As expected the speed compared to my fixed point math Mandelbrot code is not that high. If one looks up the instruction timings for VFP commands the results fit. I know it’s not really comparable to fixed point but here are the results in seconds (800 MHz) to calculate that Mandelbrot picture:


- Frac VFP Single Precision: 20,28 s 
- Frac VFP Double Precision: 23,55 s
- FixFrac(64BitMul)........:  3,98 s

So it’s about 5 times slower. But anyway, I’m really happy that it works and it’s fun to code for the VFP, as you don’t have to deal with all the issues of fixed point math. There’s a nice Quick Reference Card from ARM to code for VFP. As I’m using only basic FMUL/FADD/FSUB instructions (due to the nature of the algorithm) of the VFP in the time critical section I guess the benefit for the more complex instructions (VDIV, VSQRT) using the VFP can be quite higher compared to fixed point math.

If you want to assemble the source code with ExtASM, make sure you got the latest version, as we had to deal with a small problem regarding the DCFD command (different encoding of FPA and Cortex-A8-VFP). Make sure you got a desktop at 16 million colours and minimum resolution of 800×600 when starting the application. It’s really just a first release, so some problems might be still there. Any comments welcome.

Jan 6, 2011 8:24am

Terje Slettebø (285) 275 posts

Great job, Michael!

I just wanted to add that the “only” thing I did was to correct the extASM DCFD assembly directive (declare double precision floating-point value) so that it worked for the VFP: It turns out that the FPA and VFP stores double-precision values in different word order, so it now uses the VFP word order, and to get the original FPA word order, one needs to add an #fpa directive in the source code.

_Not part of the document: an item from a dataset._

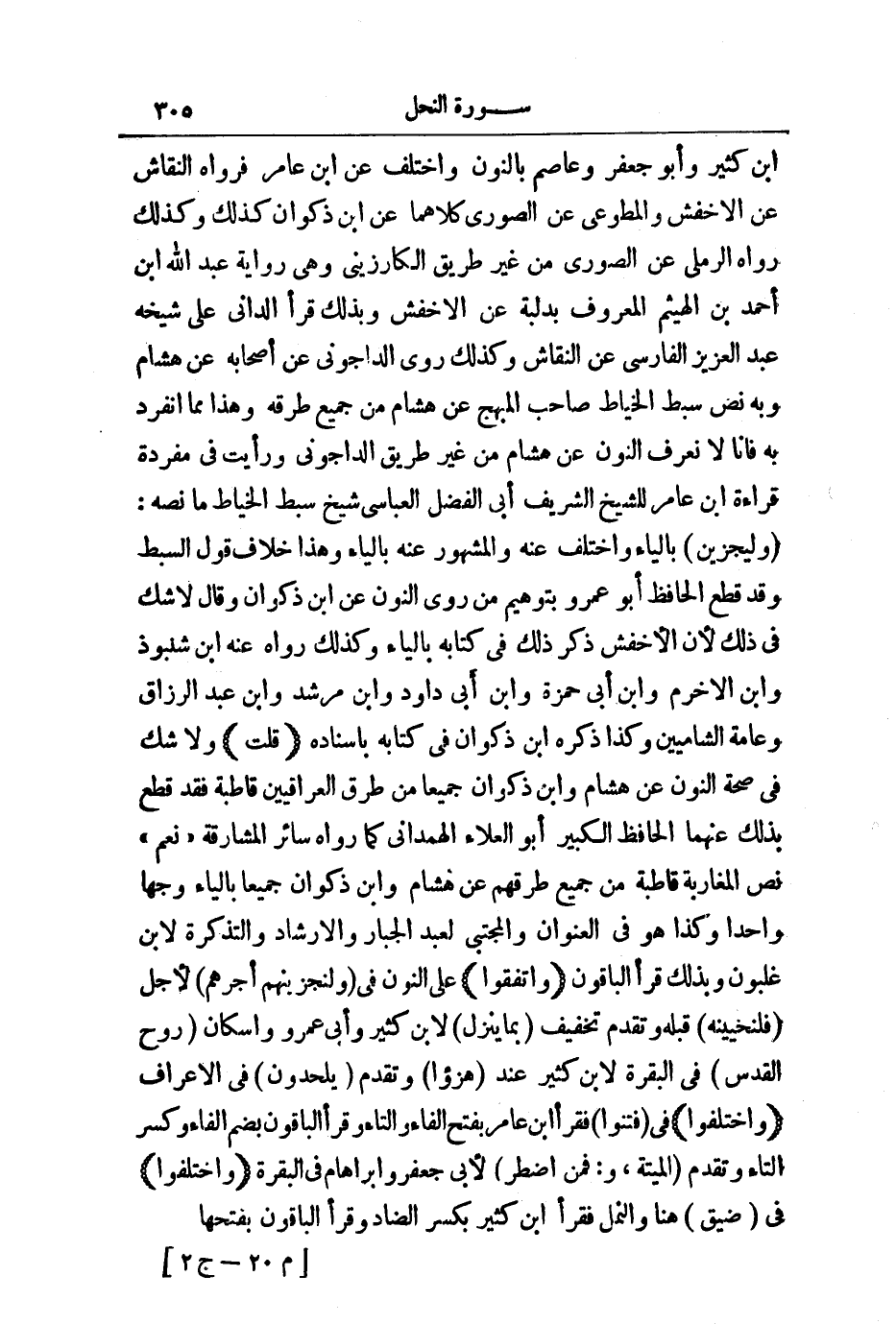 ابْنُ كَثِيرٍ وَأَبُو جَعْفَرٍ وَعَاصِمٌ بِالنُّونِ، وَاخْتُلِفَ عَنِ ابْنِ عَامِرٍ فَرَوَاهُ النَّقَّاشُ عَنِ الْأَخْفَشِ وَالْمُطَّوِّعِيُّ عَنِ الصُّورِيِّ كِلَاهُمَا عَنِ ابْنِ ذَكْوَانَ كَذَلِكَ، وَكَذَلِكَ رَوَاهُ الرَّمْلِيُّ عَنِ الصُّورِيِّ مِنْ غَيْرِ طَرِيقِ الْكَارَزِينِيِّ، وَهِيَ رِوَايَةُ عَبْدِ اللَّهِ بْنِ أَحْمَدَ بْنِ الْهَيْثَمِ الْمَعْرُوفِ بِدُلْبَةَ عَنِ الْأَخْفَشِ، وَبِذَلِكَ قَرَأَ الدَّانِيُّ عَلَى شَيْخِهِ عَبْدِ الْعَزِيزِ الْفَارِسِيِّ عَنِ النَّقَّاشِ، وَكَذَلِكَ رَوَى الدَّاجُونِيُّ عَنْ أَصْحَابِهِ عَنْ هِشَامٍ، وَبِهِ نَصَّ سِبْطُ الْخَيَّاطِ صَاحِبُ الْمُبْهِجِ عَنْ هِشَامٍ مِنْ جَمِيعِ طُرُقِهِ، وَهَذَا مِمَّا انْفَرَدَ بِهِ، فَإِنَّا لَا نَعْرِفُ النُّونَ عَنْ هِشَامٍ مِنْ غَيْرِ طَرِيقِ الدَّاجُونِيِّ وَرَأَيْتُ فِي مُفْرَدِهِ قِرَاءَةَ ابْنِ عَامِرٍ لِلشَّيْخِ الشَّرِيفِ أَبِي الْفَضْلِ الْعَبَّاسِيِّ شَيْخِ سِبْطِ الْخَيَّاطِ مَا نَصُّهُ:
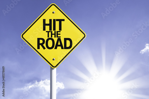 Naklejka premium Hit The Road road sign with sun background

Furthermore, it seems Michael got some help from reading the CubeDemo source code, as well as debugging tools from there, which I’m happy that he found useful.

Lastly, the VFP init code is originally from Jeffrey Lee. :) (It should also be unnecessary in later versions of RISC OS, being included in the VFPSupport module, although I haven’t tested that, yet)

To my knowledge, this is the first Beagleboard RISC OS demo using the VFP/NEON unit, which is quite cool. :)

Even though the timing may not be that impressive compared to fixed-point math, the time should be at least cut in half in Cortex A9, with its faster VFP unit (Cortex A8 only has a “VFP Lite” unit).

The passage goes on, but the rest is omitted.